Have you ever heard of Phosgard Plus?


----------



## g-man (Jun 15, 2017)

No. Your soil test recommends pounds on the soil, not ounces.


----------



## Wmestes (Jul 11, 2021)

g-man said:


> No. Your soil test recommends pounds on the soil, not ounces.


Is it too late in the year to put down the TSP and SOP? I'm in sw Missouri, so should have another 30 days of growing.


----------



## g-man (Jun 15, 2017)

I don't think so.


----------



## Wmestes (Jul 11, 2021)

g-man said:


> I don't think so.


Thank you for the help.


----------



## Wmestes (Jul 11, 2021)

I am now thinking about trying to lower PH, soil test indicates it is 7.1. I have bermuda and have read it normally likes 6.0 to 6.5. Is 7.1 that high for Bermuda? Is fall a good time to apply sulfur if I want to lower it?


----------



## Robs92k (May 9, 2021)

Wmestes said:


> I am now thinking about trying to lower PH, soil test indicates it is 7.1. I have bermuda and have read it normally likes 6.0 to 6.5. Is 7.1 that high for Bermuda? Is fall a good time to apply sulfur if I want to lower it?

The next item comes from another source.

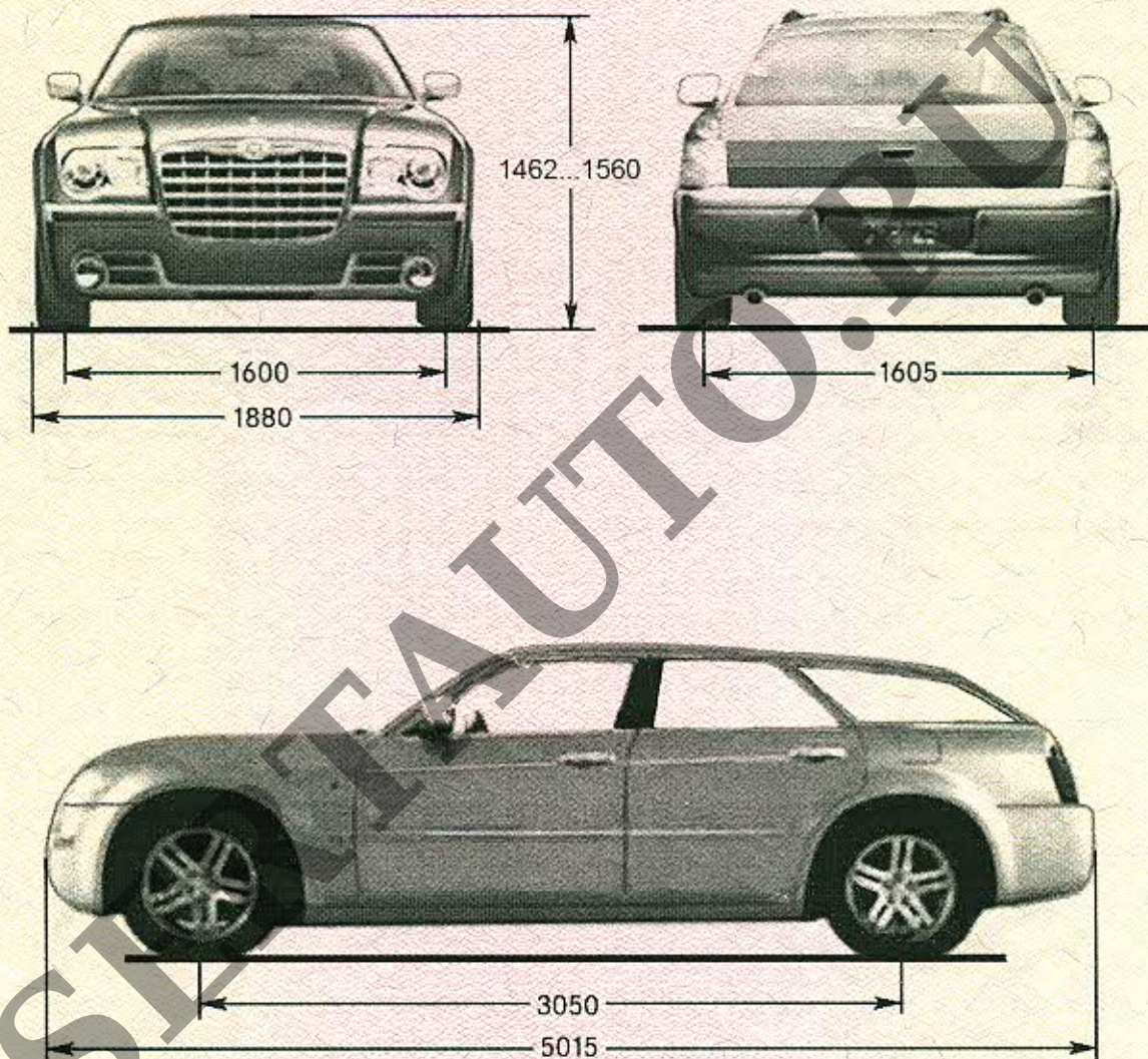
Chrysler 300C (hatchback)

I don't think you'll have the heat you need to break down elemental sulfur for the result you want, but also don't believe it will hurt.

AMS as your N source will help lower ph temp to help with other nutrient uptake. Maybe do this for your fall blitz and save the sulfur app for next year when you can realize the benefits more thoroughly.


----------